November 2nd 2021
Monday, November 1st, marked the start of Australia’s 2021/22 tropical cyclone season, which will run for the next six months until the end of April.
As we pointed out last week, Australia can expect a near to slightly above average number of tropical cyclones this season, which means about 12 to 13 instead of the usual 9 to 11.
This above-average cyclone outlook is being driven by abnormally warm waters near northern Australia, a decaying negative Indian Ocean Dipole (IOD) and a developing La Niña in the Pacific Ocean.

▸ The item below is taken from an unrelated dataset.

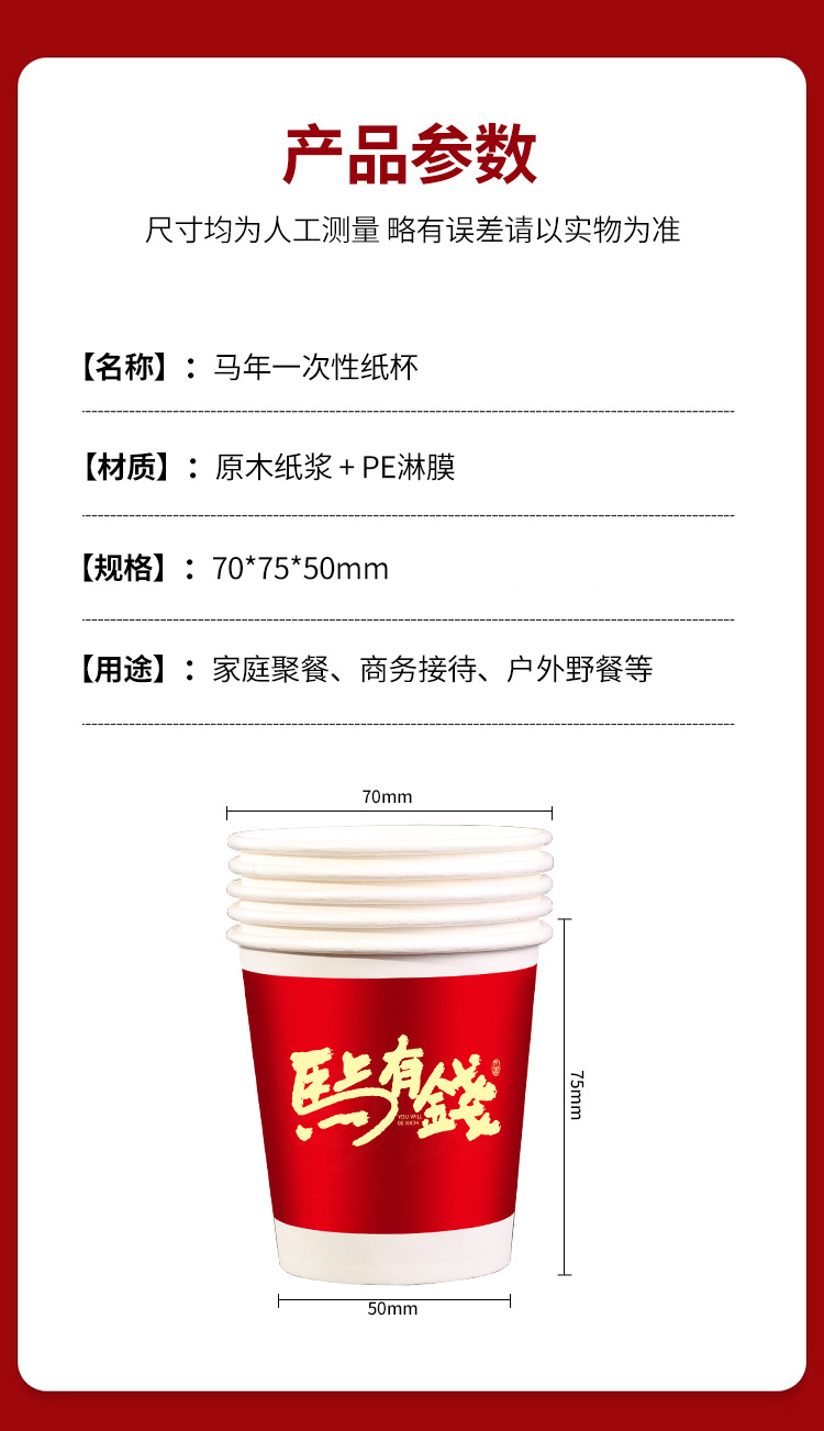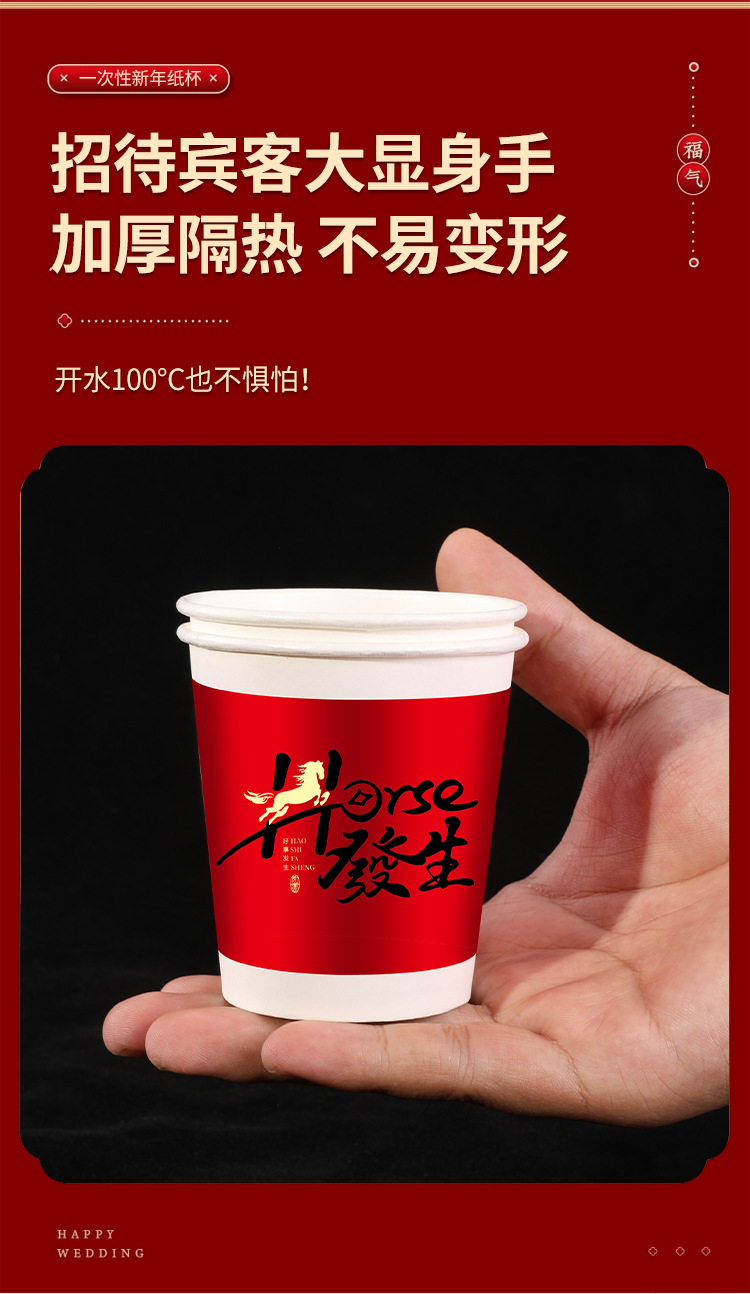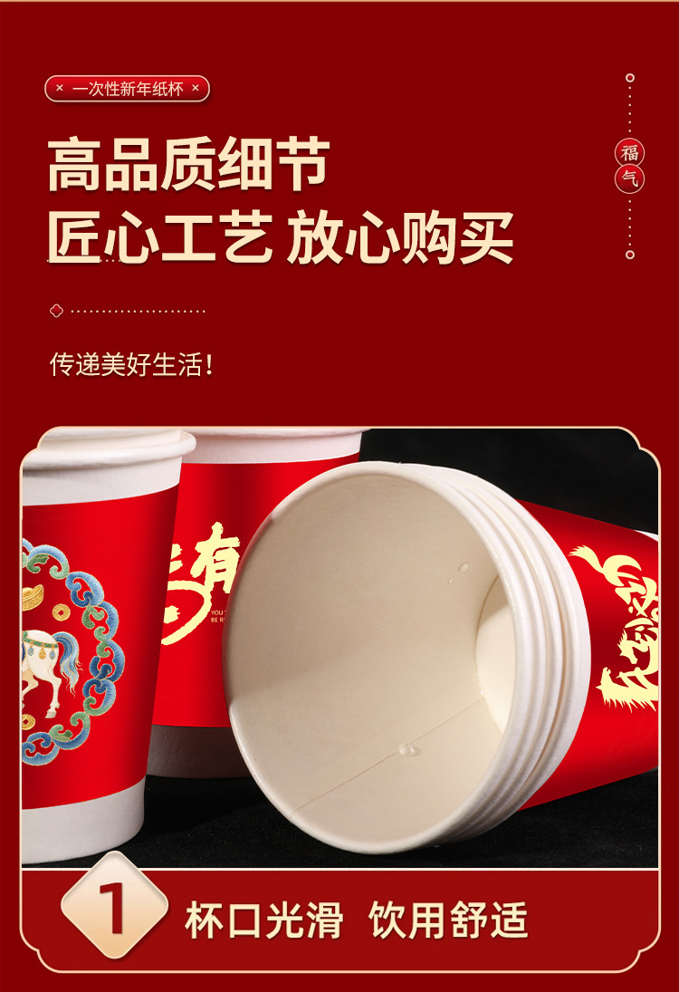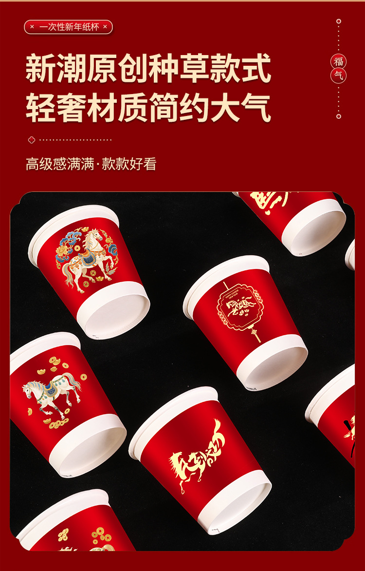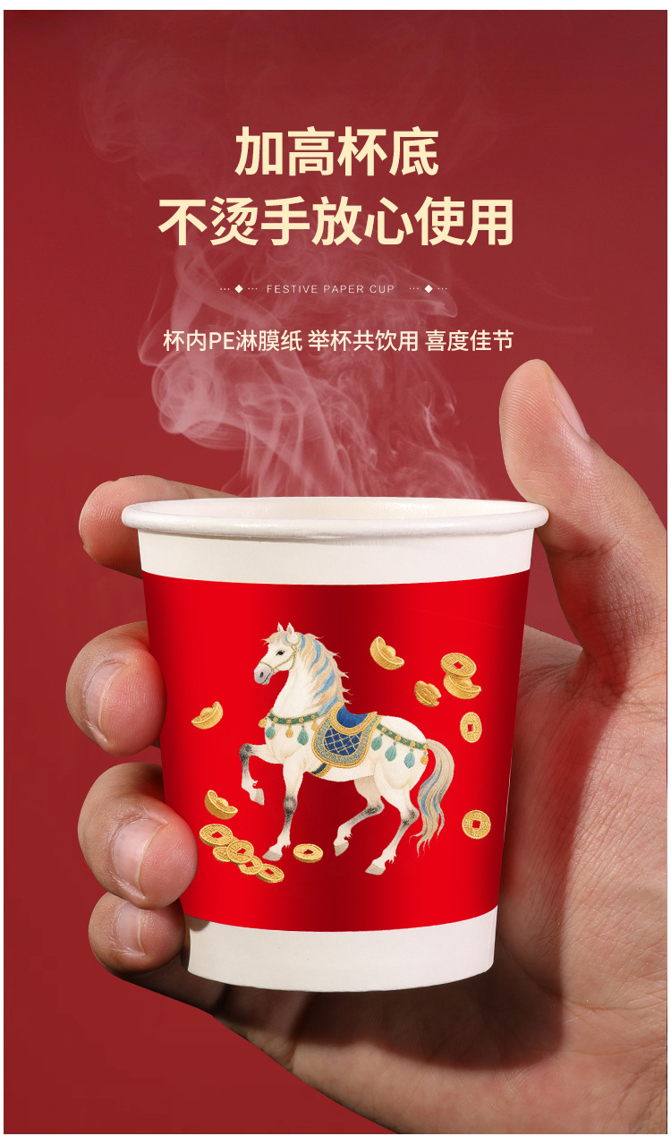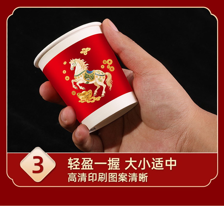 「50只/包!买2送1」马年新款纸杯50只装纸杯喜庆一次性杯家用餐饮用具加厚水杯家用新年贺岁 商品图3
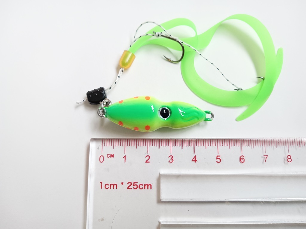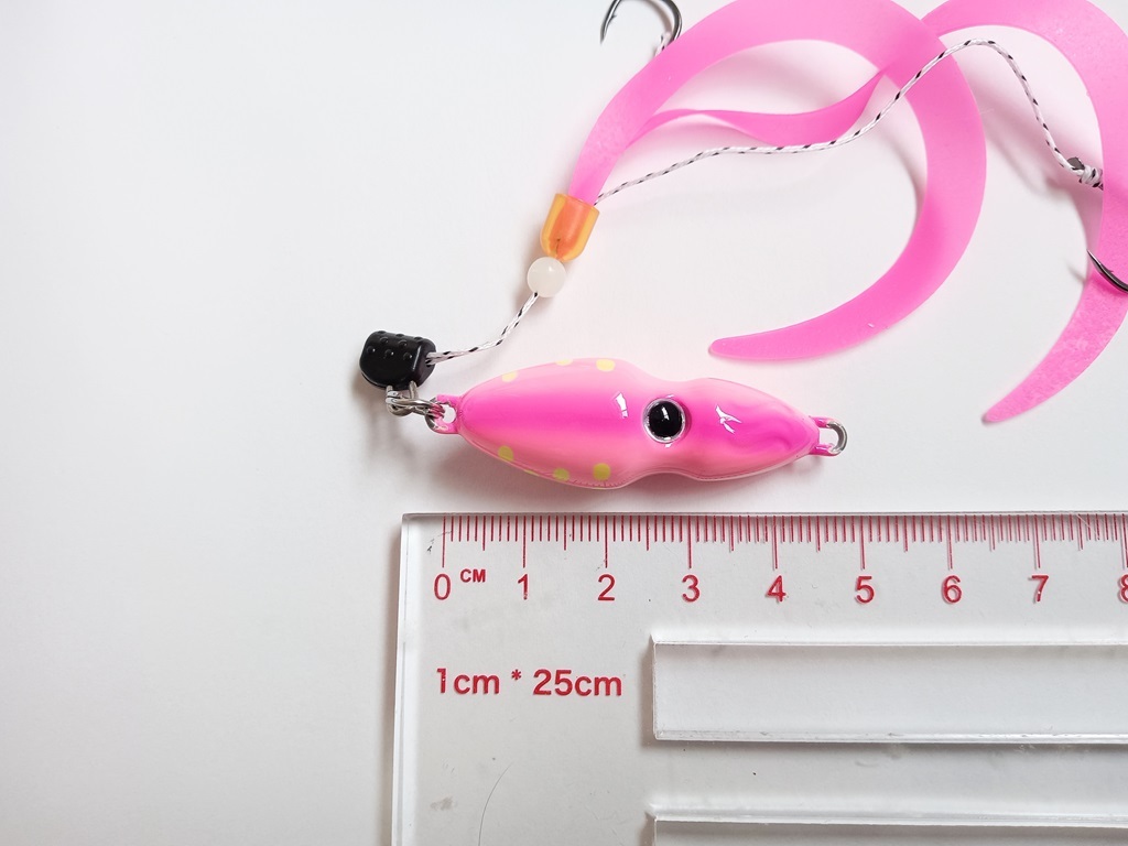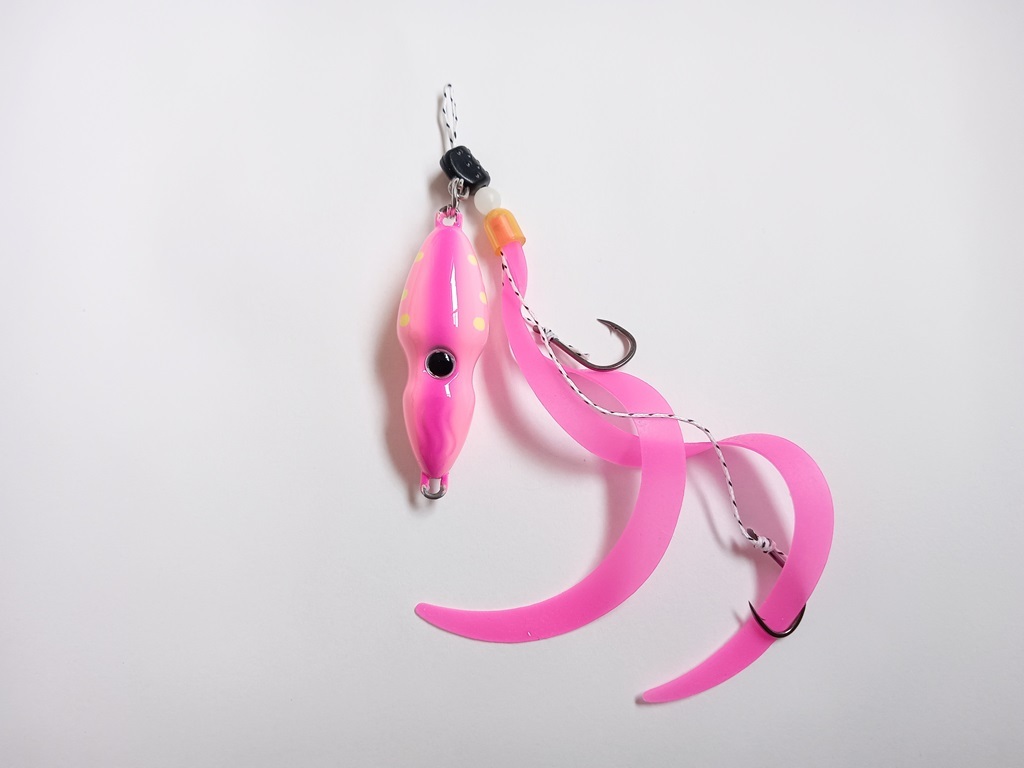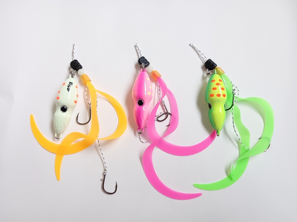 オモック 45g スカート付き イカ型 3色セット 夜光 グリーン ピンク ホワイト 鯛ラバ タイジグ 蓄光 発光 グロー マダイ アマダイ アマラバ

Image: Observed sea surface temperature anomalies on October 30th, showing abnormally warm water near northern Australia and a distnictive La Niña-like pattern in the Pacific Ocean. Source: NOAA
While there aren’t any sings of tropical cyclone development near Australia in the next week, the current setup does raise the likelihood of early-season cyclone development.
Both La Niña and a negative IOD typically cause the season’s first tropical cyclone to develop around three weeks earlier than average, which statistically means mid-November instead of early December.
Regardless of when it develops, the first tropical cyclone to form in Australian waters this season will be named Paddy.
The Bureau of Meteorology maintains a list of names that it assigns to tropical cyclones that develop in Australia’s area of responsibility. This list runs alphabetically and alternates between male and female.
Weatherzone will bring you regular updates on tropical cyclone activity in the Australian region during the next six months.